## DATA BELOW

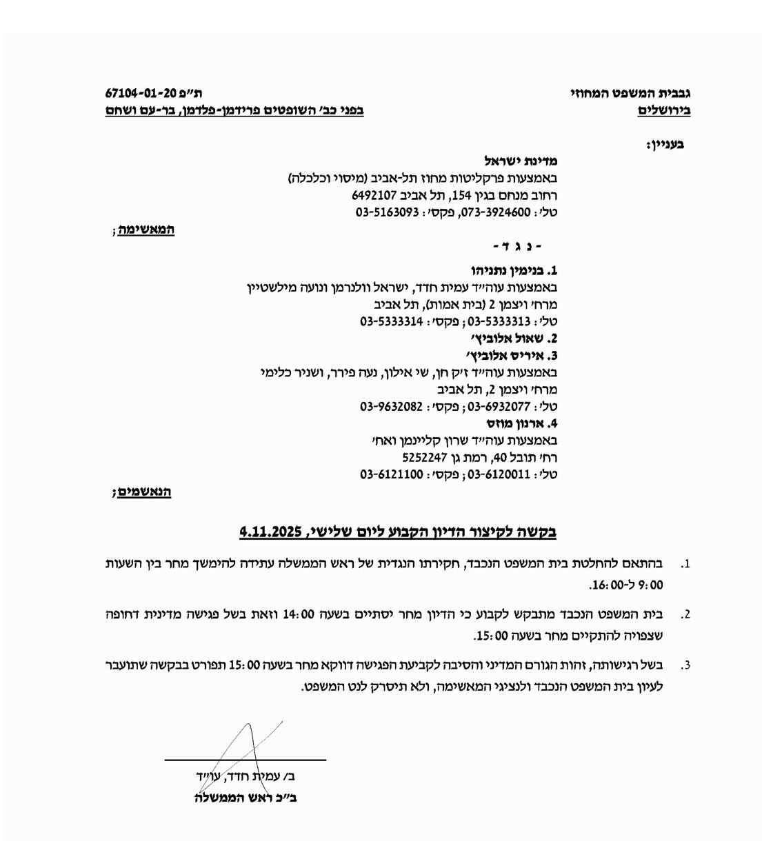 פרידמן-פלדמן: "לגבי בקשת העד - השאלה אם יבקש לא להשיב - אנו נקבל החלטה עם לחייבו להשיב נקודתית". השופט
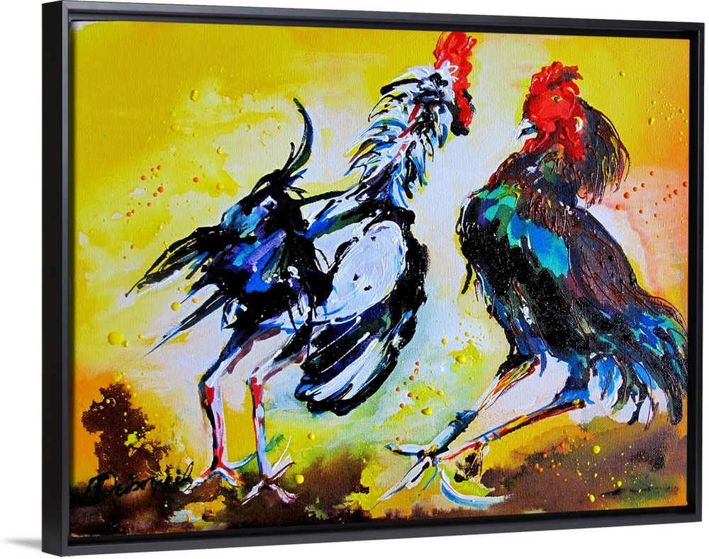 <p>Two magnificent cocks getting ready to fight. Where else but in bail.</p>
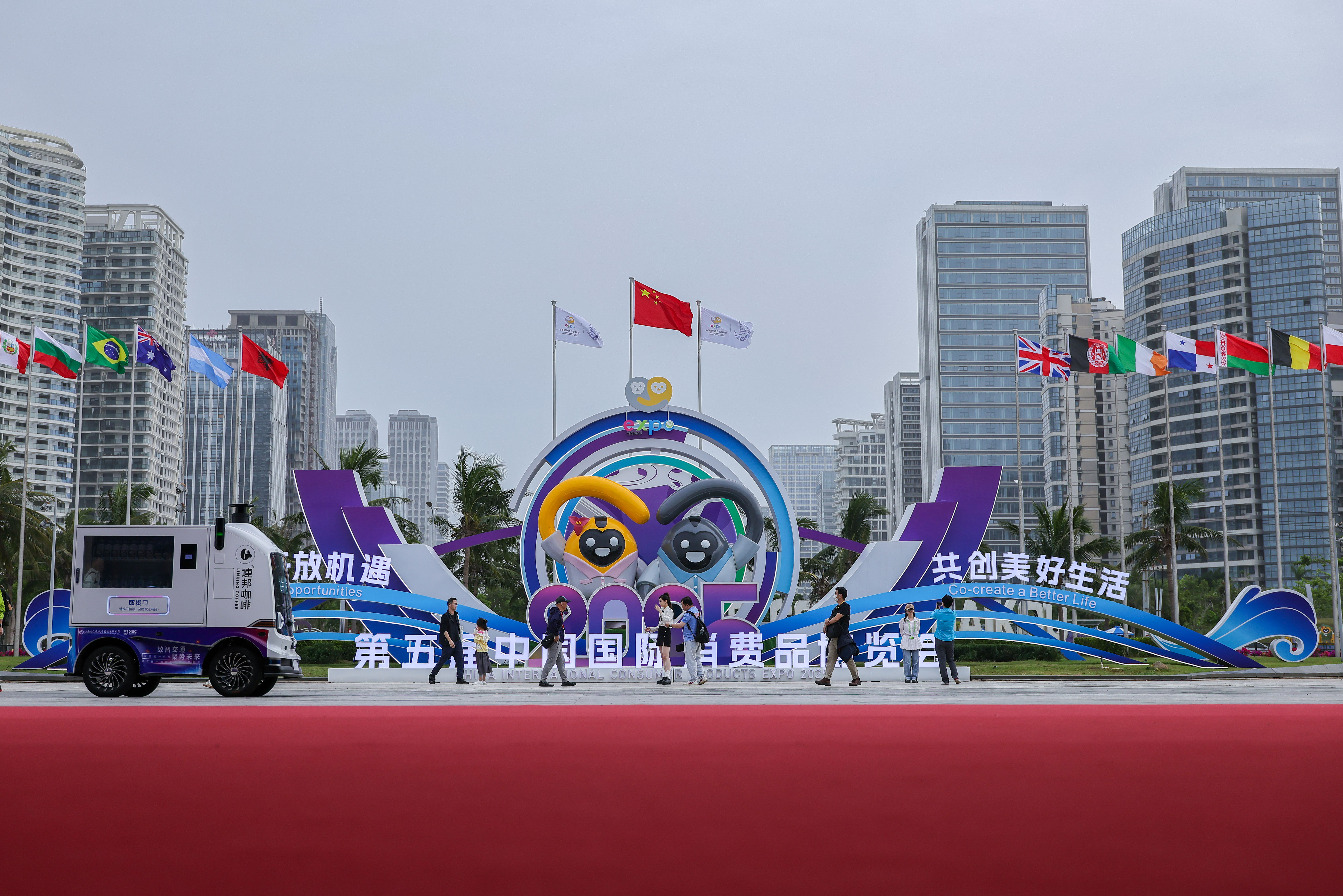 4月13日,在海南海口,以“共享开放机遇,共创美好生活”为主题的第五届中国国际消费品博览会开幕,将持续至4月18日。来自71个国家和地区的1700余家企业携4100余个品牌参展。图为小鹏汇天陆行“母舰”亮相消博会现场。中新社

## ACTIVITY
All that belongs in the answer is the exact run of lines from the line containing "<p>Two magnificent cocks" to the end of the listing above, pictures removed.

## RESULT OF THE TASK
 <p>Two magnificent cocks getting ready to fight. Where else but in bail.</p>
 4月13日,在海南海口,以“共享开放机遇,共创美好生活”为主题的第五届中国国际消费品博览会开幕,将持续至4月18日。来自71个国家和地区的1700余家企业携4100余个品牌参展。图为小鹏汇天陆行“母舰”亮相消博会现场。中新社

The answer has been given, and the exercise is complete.